Entries supplied -
■ ■ ■ ■ ■
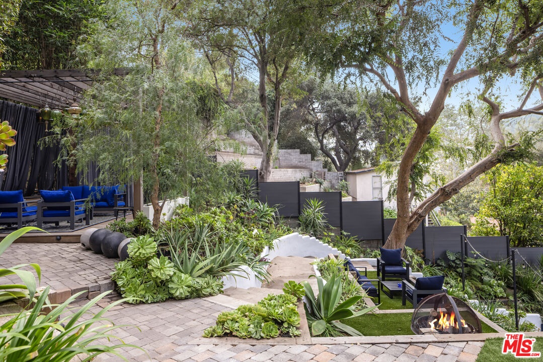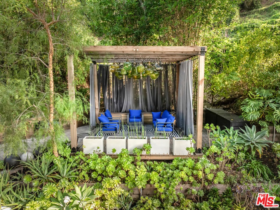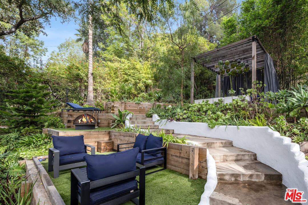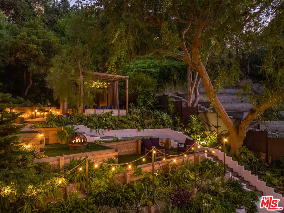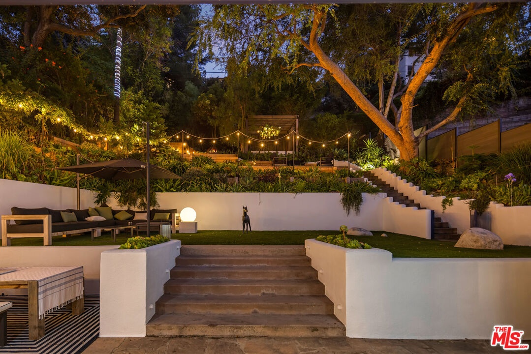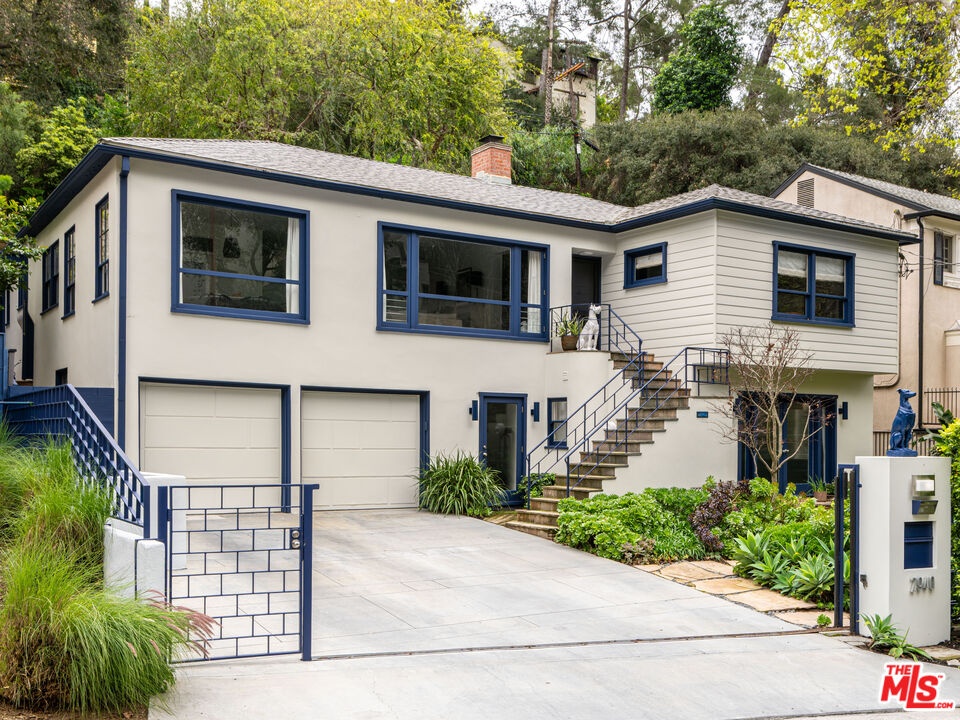 This gated Traditional home with mid-century modern influences sits on a large, wooded lot in upper Beachwood Canyon. Formerly celebrity-owned and tucked back from the street, this home's expansive rear yard is an outdoor sanctuary bringing the tranquility of nature to everyday living. Green canyon views can be seen from the oversized windows creating an airiness throughout the living space, anchored by a renovated kitchen which seamlessly joins both interior living and the outdoors. The kitchen is outfitted with built-in, luxury appliances, a large island, and plentiful countertop prep space. Whether you prefer entertaining or quiet fireside moments, this home offers the space for your household to sprawl on the 4 bedroom, 3 bath main level inclusive of an oversized, primary suite with custom Walnut built-in's and dedicated laundry/utility room. Rear French doors open to your own secluded park-like garden designed for entertaining. Winding paths of the curated grounds showcase its succulent gardens, professionally landscaped terraces, several lounging areas, banana and Meyer lemon trees, and private hilltop pergola illuminated by a masterfully designed light installation. Out of town guests can enjoy the privacy of a private guest suite on the lower level with its own kitchenette, bathroom, bedroom/office and private garden. The two-car garage features built-in cabinets & utility sink. Close to hiking trails, Beachwood market, city night life, and major studios. Experience the magic of this private sanctuary in iconic Beachwood Canyon.
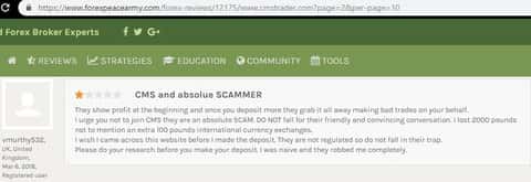 CMSTrader - лохо-контора, которая занимается отбиранием денег у своих клиентов с первых дней сотрудничества. Контора распространяет деятельность на большинство стран мира, и ведет активную воровскую деятельность уже довольно давно. Кухня зарегистрирована в Лондоне, что не спасает ее репутацию от негатива в интернет-сети. Не становитесь жертвой мошенников ЦМС Трейдеров, прочитайте все до конца!
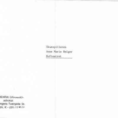 Skuespillerinden Anne Marie Helger,Entry/Object ID
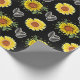 Regalo Papel de ajuste del patrón de girasol, fondo negro
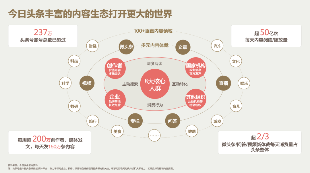 《2022今日头条营销价值洞察报告》(以下简称报告)显示,今日头条每日有150万条内容被发布,每天的内容阅读/播放量超50亿。海量的内容,来自于平台不同身份背景的创作者们——目前平台内入驻的头条号账号达237万,他们中有权威专业的专家学者,有幽默风趣的网红创作者,还有深耕数码、科技等垂类的圈层达人,他们用适合自己风格又能传递知识的表达方式,收获了粉丝的关注和认可。
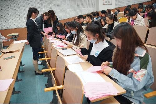总监票人先说明了选举过程中的注意事项和规范,之后由工作人员向所有学生代表展示空票箱并封箱落锁,无误后,开始分发选票。总监票人核查发放情况,并对剩余选票进行了剪角作废。大会现场气氛严肃,研究生代表充分行使民主权利,慎重选择,在选票上选出心中符合条件的代表。紧接着监票人和计票人当众开箱清点票数,将结果汇报给总监票人。经过一轮投票,最终推荐李优然等8名同学代表蜜桃视频 研究生参加学校第三次研究生代表大会。
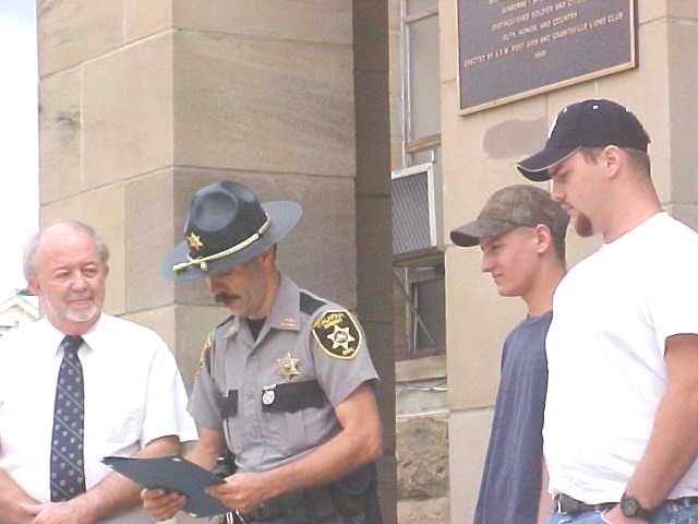 (Left-Right) Commission President Weaver, Three young men from Calhoun were recognized yesterday for their bravery in trying to rescue a a 16-year-old girl whose car plunged into the West Fork River. "James 'Aaron' Allison and Zeke Quick of Chloe made heroic efforts to save the life of Cindy Self last June 16th," said Chief Deputy Carl Ballengee. . Thomas Husk, who assisted the other teenagers, could not be present for the ceremony, but was given a Certificate of Honor earlier in the day. The ceremony was held in front of the Calhoun courthouse, and was attended by several family members. The awards were presented by Chief Deputy Sheriff Carl Ballengee and Commission President Bob Weaver. Chief Deputy Carl Ballengee said "This was a very tragic accident. I felt these men needed to be recognized for the efforts they exhibited." Calhoun Commission president Bob Weaver said "It speaks well for these young men, and the actions they took that day. It is important to our community to recognize them today." Sheriff Allen Parsons said their actions reminded him of the scripture, "Greater love hath no man than this, that a man lay down his life for his friends."
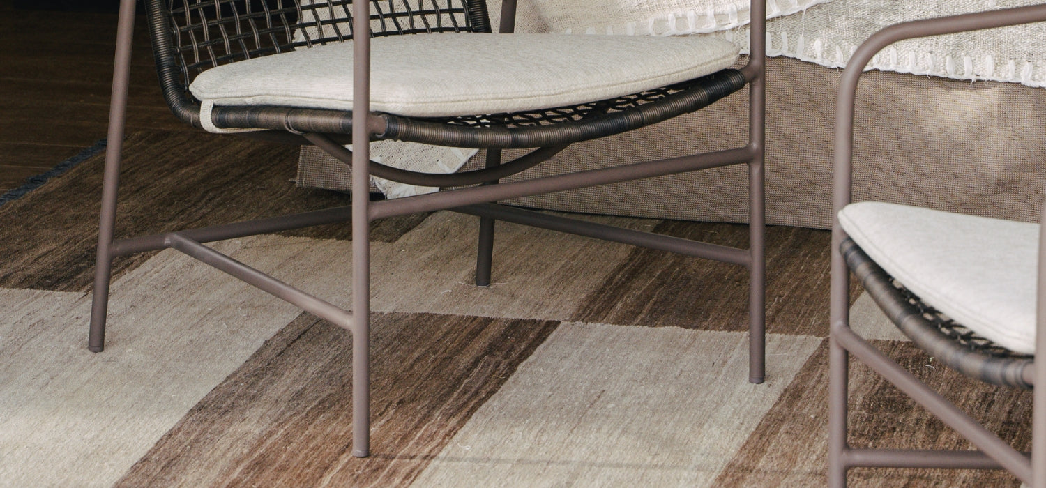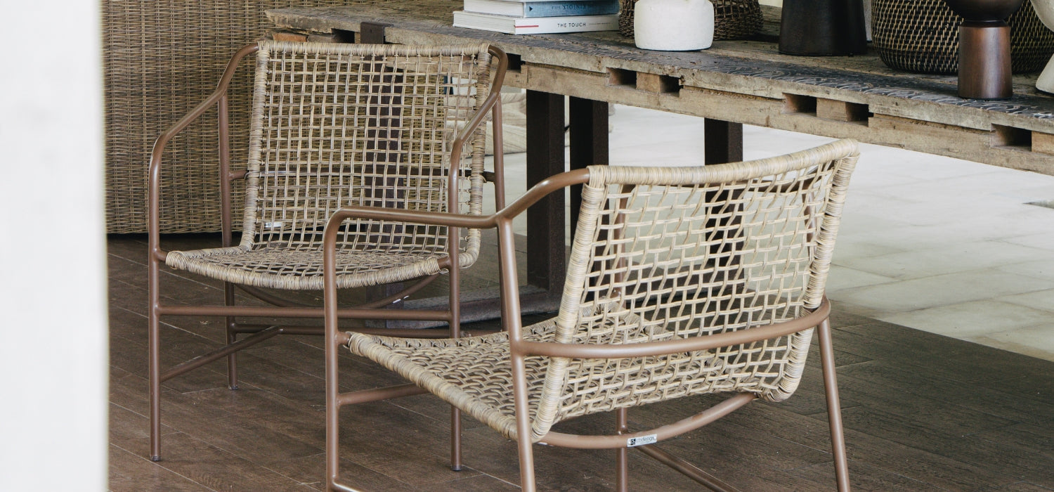 Stackable chairs in woven rope and aluminum, ideal for giving your outdoor spaces a suggestive and charming impression. The warm and lush shades give the final touch to an outdoor that leaves its mark: get comfortable and breathe the breeze of style.
■ ■ ■ ■ ■
Reproduce the listing above from the line that holds "Regalo Papel de" through the line that holds "总监票人先说明了选举过程中的", both included, with the pictures left out.

Worked solution -
 Regalo Papel de ajuste del patrón de girasol, fondo negro
 《2022今日头条营销价值洞察报告》(以下简称报告)显示,今日头条每日有150万条内容被发布,每天的内容阅读/播放量超50亿。海量的内容,来自于平台不同身份背景的创作者们——目前平台内入驻的头条号账号达237万,他们中有权威专业的专家学者,有幽默风趣的网红创作者,还有深耕数码、科技等垂类的圈层达人,他们用适合自己风格又能传递知识的表达方式,收获了粉丝的关注和认可。
总监票人先说明了选举过程中的注意事项和规范,之后由工作人员向所有学生代表展示空票箱并封箱落锁,无误后,开始分发选票。总监票人核查发放情况,并对剩余选票进行了剪角作废。大会现场气氛严肃,研究生代表充分行使民主权利,慎重选择,在选票上选出心中符合条件的代表。紧接着监票人和计票人当众开箱清点票数,将结果汇报给总监票人。经过一轮投票,最终推荐李优然等8名同学代表蜜桃视频 研究生参加学校第三次研究生代表大会。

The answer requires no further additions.